Estimating the number of integrations in transformed plants by quantitative real-time PCR

Abstract

Background: When generating transformed plants, a first step in their characterization is to obtain, for each new line, an estimate of how many copies of the transgene have been integrated in the plant genome because this can deeply influence the level of transgene expression and the ease of stabilizing expression in following generations. This task is normally achieved by Southern analysis, a procedure that requires relatively large amounts of plant material and is both costly and labour-intensive. Moreover, in the presence of rearranged copies the estimates are not correct. New approaches to the problem could be of great help for plant biotechnologists.

Results: By using a quantitative real-time PCR method that requires limited preliminary optimisation steps, we achieved statistically significant estimates of 1, 2 and 3 copies of a transgene in the primary transformants.
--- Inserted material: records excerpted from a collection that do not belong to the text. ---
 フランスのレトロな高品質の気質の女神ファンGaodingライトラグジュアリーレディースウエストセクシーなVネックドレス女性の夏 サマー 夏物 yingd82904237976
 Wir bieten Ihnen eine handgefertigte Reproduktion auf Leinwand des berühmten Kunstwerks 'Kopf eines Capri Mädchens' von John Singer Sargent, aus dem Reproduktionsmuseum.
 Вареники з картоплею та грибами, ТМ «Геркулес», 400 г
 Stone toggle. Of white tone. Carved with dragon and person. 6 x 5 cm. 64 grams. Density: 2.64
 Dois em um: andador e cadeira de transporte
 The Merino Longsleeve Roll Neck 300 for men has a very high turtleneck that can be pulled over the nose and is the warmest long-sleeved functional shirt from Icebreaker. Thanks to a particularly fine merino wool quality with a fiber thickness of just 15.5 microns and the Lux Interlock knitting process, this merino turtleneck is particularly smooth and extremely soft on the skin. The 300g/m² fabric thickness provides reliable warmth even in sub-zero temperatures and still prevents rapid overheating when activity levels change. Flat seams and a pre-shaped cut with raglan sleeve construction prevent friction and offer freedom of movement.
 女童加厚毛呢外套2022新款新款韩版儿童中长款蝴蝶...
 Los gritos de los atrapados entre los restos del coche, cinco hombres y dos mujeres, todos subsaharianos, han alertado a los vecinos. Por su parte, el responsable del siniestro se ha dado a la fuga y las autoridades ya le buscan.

Furthermore, by estimating the copy number of both the gene of interest and the selectable marker gene, we show that rearrangements of the T-DNA are not the exception, and probably happen more often than usually recognised.
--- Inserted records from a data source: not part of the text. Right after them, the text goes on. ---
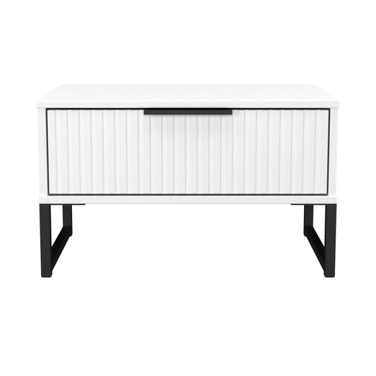 Fluted Side Table White 1 Drawer 58cm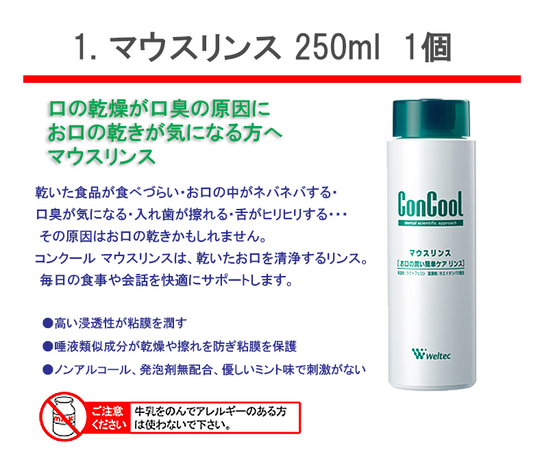 乾いた食品が食べづらい・お口の中がネバネバする・口臭が気になる・入れ歯が擦れる・舌がヒリヒリする。その原因は口の乾きかもしれません。コンクールマウスリンスは、乾いたお口を清浄するリンスです。毎日の食事や会話を快適にサポートします。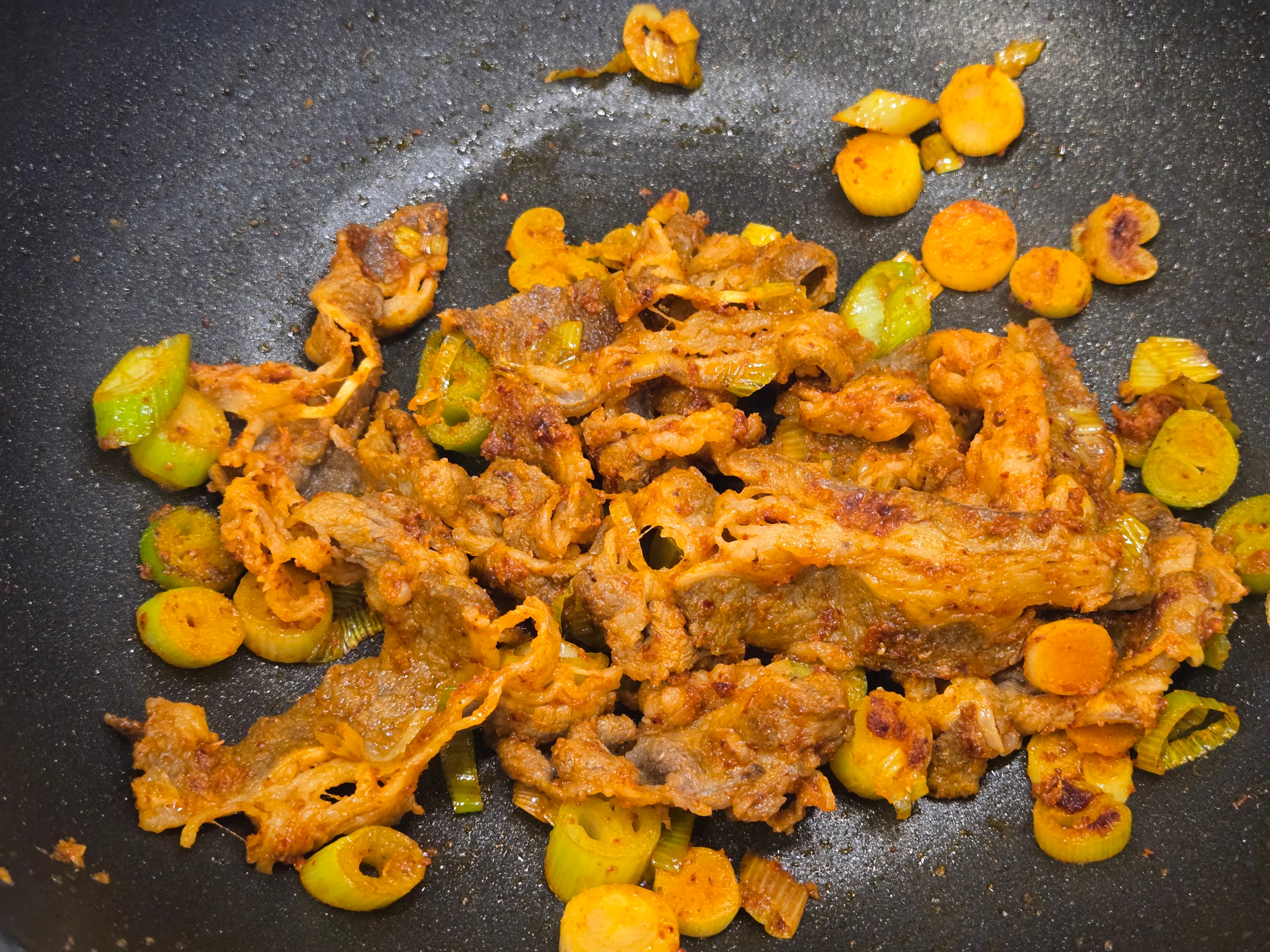 이렇게 우삼겹에 고춧가루 색깔이 예쁘게 묻어나면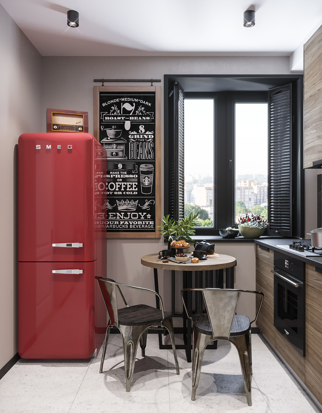 Обратите внимание на технику «два в одном», это серьезно сэкономит место в квартире-студии. Например, стиральная-сушильная машина или духовка с функцией микроволновки. При дефиците места совмещение технических возможностей в одном объекте – это просто находка!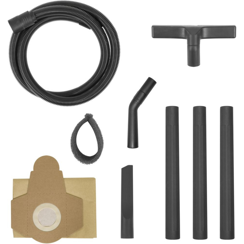 Vysávač s nehrdzavejúcou nádobou z ušľachtilej ocele, 3-dielna sacia rúra, plynule regulovateľný prúd vzduchu, integrovaný držiak na príslušenstvo, 4 otočné kolieska. Príslušenstvo: sacia hadica 1,5 m, rukoväť s pripojením vzduchu, 3-dielna plastová sacia rúra (98 cm), 1 podlahová hubica, 1 hubica na špáry, penový filter, 1 papierové filtračné vrecko.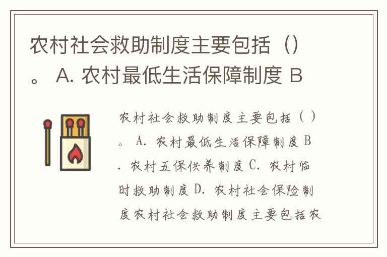 农村社会救助制度主要包括()。 A. 农村最低生活保障制度 B. 农村五保供养制度 C. 农村临时救助制度 D. 农村社会保险制度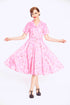 Oh Caterina! The Caterina Some Bunny To Love Swing Dress brings all of the features you love, in a stunning new print. Loving rabbit couples bounce and kiss amidst love hearts and roses set against a pink background. Caterina's curved collar and thin belt create a stunning statement look. Accommodates a petticoat, but looks equally beautiful without one.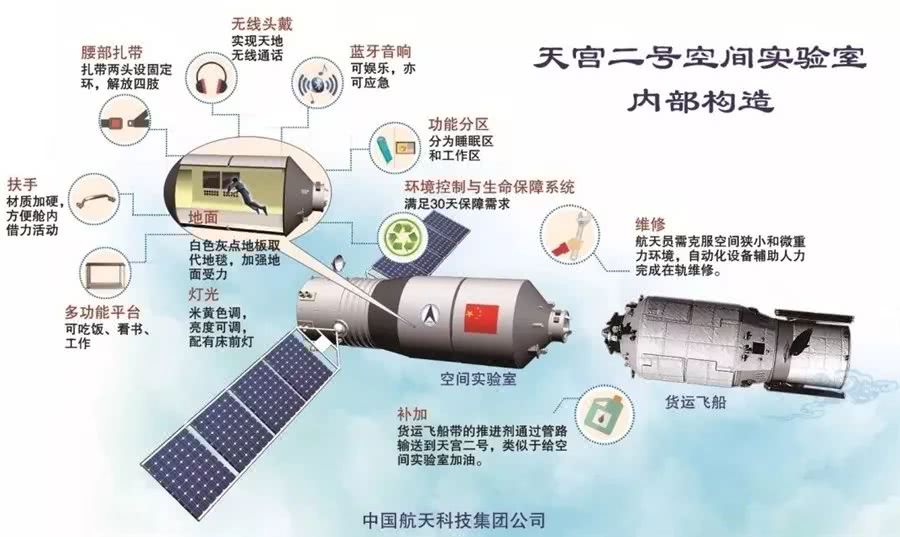 天宮二號空間實驗室內(nèi)部構(gòu)造(來源:中國航天科技集團(tuán)微信公眾號)

Conclusions: We have developed a rapid and reliable method to estimate the number of integrated copies following genetic transformation. Unlike other similar procedures, this method is not dependent on identical amplification efficiency between the PCR systems used and does not need preliminary information on a calibrator. Its flexibility makes it appropriate in those situations where an accurate optimisation of all reaction components is impossible or impractical. Finally, the quality of the information produced is higher than what can be obtained by Southern blot analysis.

Figure 1

Real-time PCR amplification and standard curve of apx gene. Upper panel: real-time PCR logarithmic plot resulting from the amplification of four three-fold serial dilutions of a tomato standard DNA (see Methods for details) using the apx-specific primers and probe described in Table 5. Each sample was run in triplicate. Lower panel: Standard curve obtained for the same samples. Correlation coefficient and slope values are indicated. The calculated TC values were plotted versus the log of each starting quantity.

Figure 2

Real-time PCR amplification and standard curve of TSWV-N transgene. Upper panel: real-time PCR logarithmic plot resulting from the amplification of four three-fold serial dilutions of a tomato standard DNA (see Methods for details) using the TSWV-N-specific primers and probe described in Table 5. Each sample was run in triplicate. Lower panel: Standard curve obtained for the same samples. Correlation coefficient and slope values are indicated. The calculated TC values were plotted versus the log of each starting quantity.

Figure 3

Real-time PCR amplification and standard curve of nptII transgene. Upper panel: real-time PCR logarithmic plot resulting from the amplification of four three-fold serial dilutions of a tomato standard DNA (see Methods for details) using the nptII-specific primers and probe described in Table 5. Each sample was run in triplicate. Lower panel: Standard curve obtained for the same samples. Correlation coefficient and slope values are indicated. The calculated TC values were plotted versus the log of each starting quantity.